Look for passages that rely too heavily on conversation or exposition, and attempt to balance them. Follow your instincts to where something doesn’t feel right, then return to them later for corrections.

8. Create a color-coding system

Create a color-coding system to monitor the status of your writing. Mark the writing you are pleased with in blue. The writing you are uncertain about in green, and the writing you know needs improvement in red.

As you revise your text, your objective will be to achieve green status for every section. Having color cues and a specific purpose can transform the editing process from a tiresome chore into a challenge.

9. Go through your checklist

When you have completed the first draft of your novel, utilize the following editing checklist: What is my primary dramatic query? What sections have pacing issues (such as excessive talk and exposition)?

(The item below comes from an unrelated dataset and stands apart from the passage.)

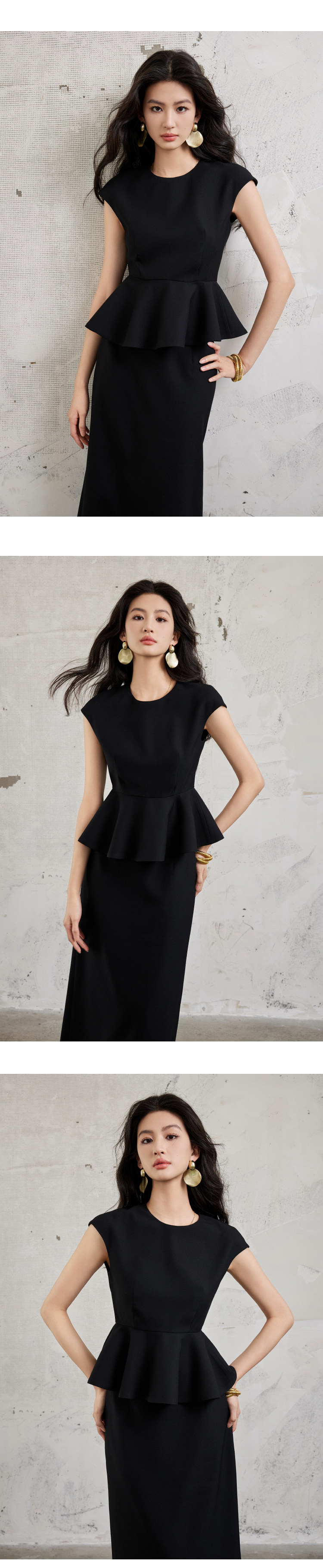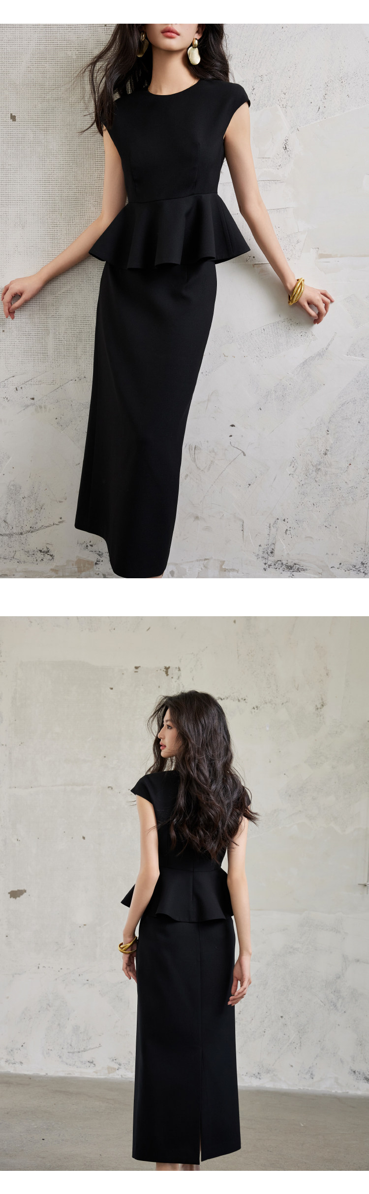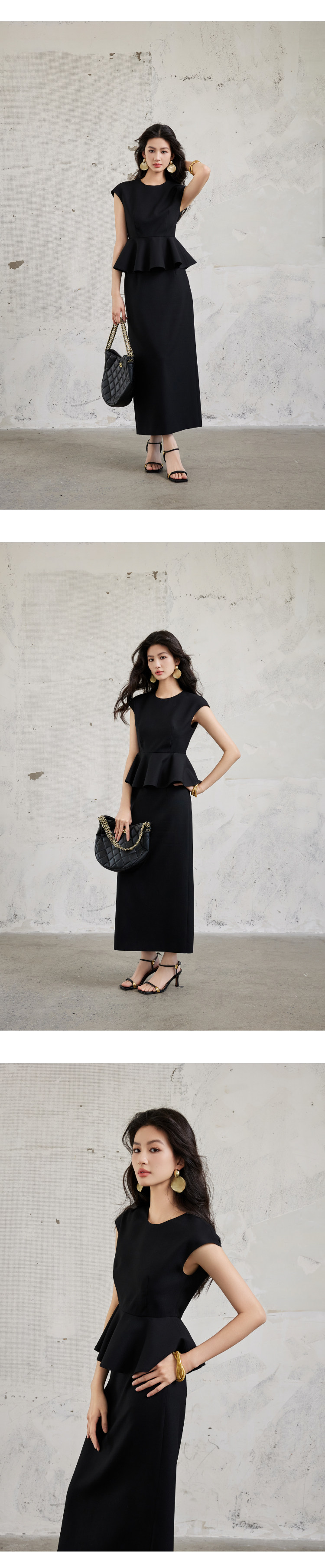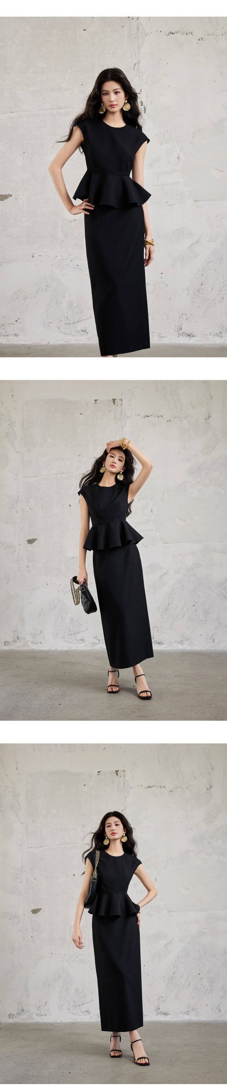 Wangxo|Heavyweight Double-Sided Pique Woven Fabric|Hepburn-Style Waist-Cinching Umbrella-Shaped Top & High-Waisted Skirt Set

What areas do I need to strengthen my primary narrative? Does my conclusion address the key dramatic question? What elements of my narrative are redundant and distracting? Your responses may necessitate substantial modifications.

10. Read aloud

As you progress through increasingly refined drafts of your writing, read the words out loud. This will assist you in editing and refining your own writing.

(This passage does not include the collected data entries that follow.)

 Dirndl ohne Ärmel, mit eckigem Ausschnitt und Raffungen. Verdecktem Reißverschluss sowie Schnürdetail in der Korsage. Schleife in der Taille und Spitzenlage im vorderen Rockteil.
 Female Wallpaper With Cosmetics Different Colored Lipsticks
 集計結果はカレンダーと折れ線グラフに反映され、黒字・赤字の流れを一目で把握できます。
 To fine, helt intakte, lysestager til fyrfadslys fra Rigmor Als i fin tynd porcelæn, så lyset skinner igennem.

Your eyes may gloss over grammatical flaws, odd sentence structure, and typos while reading your own words on a computer screen or on paper.

However, by reading your work aloud, you can spot these errors. The only caution is that you should not do too much at once, otherwise the listener will lose interest.

11. Print a copy

When you return to the manuscript, attempt to print a hard copy. This can bring you closer to the experience of the reader. This not only provides space for making notes on trouble areas, but also has an effect on how you read stories.

Conclusion

Making a mess of your prized artwork is never fun. Save your manuscript as a new one before doing anything else, so as to retain all of your original brilliance. You can always return to the first draft if you change your mind.

It takes a lot of effort to go back and rewrite something. But then, it’s liberating and rewarding. It’s exhilarating to raise your narrative to its maximum potential, slash its weaknesses, and bolster its virtues!

11 Best Ways to Rewrite a Book

Pam is an expert grammarian with years of experience teaching English, writing and ESL Grammar courses at the university level. She is enamored with all things language and fascinated with how we use words to shape our world.